─── Records provided

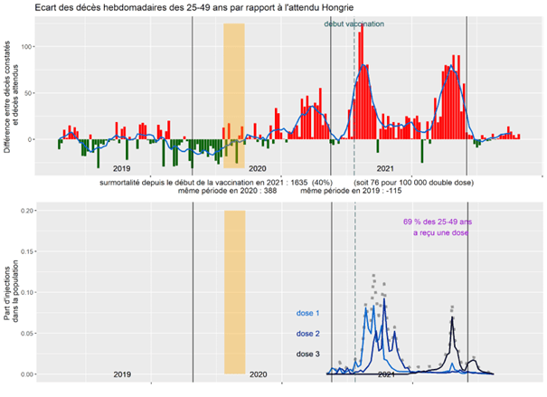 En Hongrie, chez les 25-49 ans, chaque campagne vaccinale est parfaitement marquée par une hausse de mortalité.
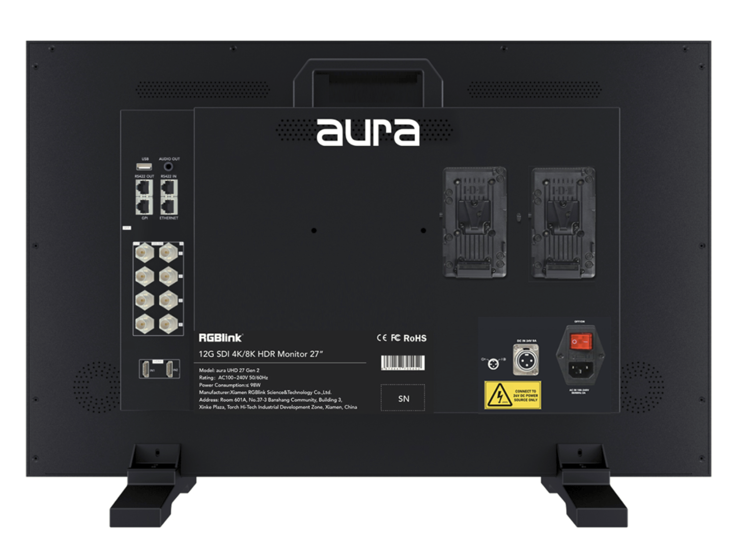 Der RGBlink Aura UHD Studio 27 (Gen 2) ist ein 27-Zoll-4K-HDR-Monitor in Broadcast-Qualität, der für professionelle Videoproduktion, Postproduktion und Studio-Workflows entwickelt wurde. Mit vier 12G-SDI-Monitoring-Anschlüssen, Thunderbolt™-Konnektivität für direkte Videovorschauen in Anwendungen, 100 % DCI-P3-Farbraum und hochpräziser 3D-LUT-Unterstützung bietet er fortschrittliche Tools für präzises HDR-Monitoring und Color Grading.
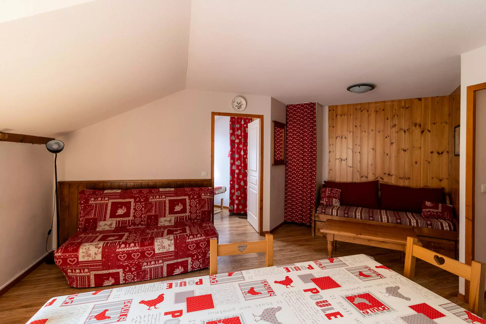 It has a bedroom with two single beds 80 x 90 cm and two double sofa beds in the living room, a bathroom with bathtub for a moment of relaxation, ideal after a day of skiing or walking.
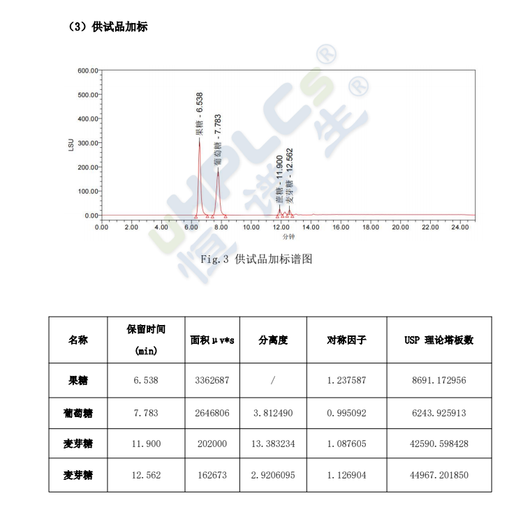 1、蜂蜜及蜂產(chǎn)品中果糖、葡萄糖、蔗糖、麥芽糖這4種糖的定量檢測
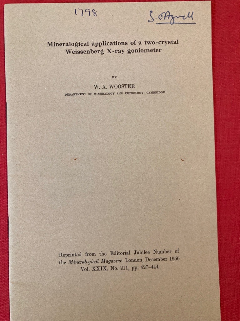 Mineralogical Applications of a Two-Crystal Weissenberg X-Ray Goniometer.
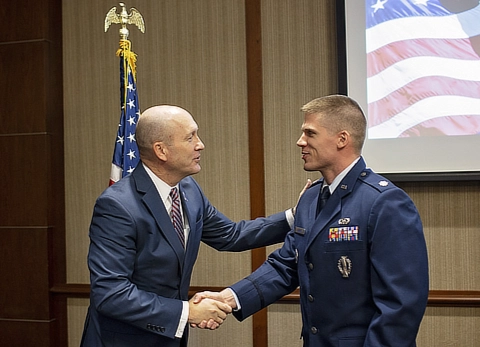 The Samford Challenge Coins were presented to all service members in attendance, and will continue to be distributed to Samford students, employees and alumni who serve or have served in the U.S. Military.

──────

Work item
Please repeat exactly the lines from the one containing "1、蜂蜜及蜂產(chǎn)品中果糖、葡萄糖、蔗糖、麥芽糖這4種糖的定量檢測" through the last line of the records, both included, and leave out the pictures.

Solved problem
 1、蜂蜜及蜂產(chǎn)品中果糖、葡萄糖、蔗糖、麥芽糖這4種糖的定量檢測
 Mineralogical Applications of a Two-Crystal Weissenberg X-Ray Goniometer.
 The Samford Challenge Coins were presented to all service members in attendance, and will continue to be distributed to Samford students, employees and alumni who serve or have served in the U.S. Military.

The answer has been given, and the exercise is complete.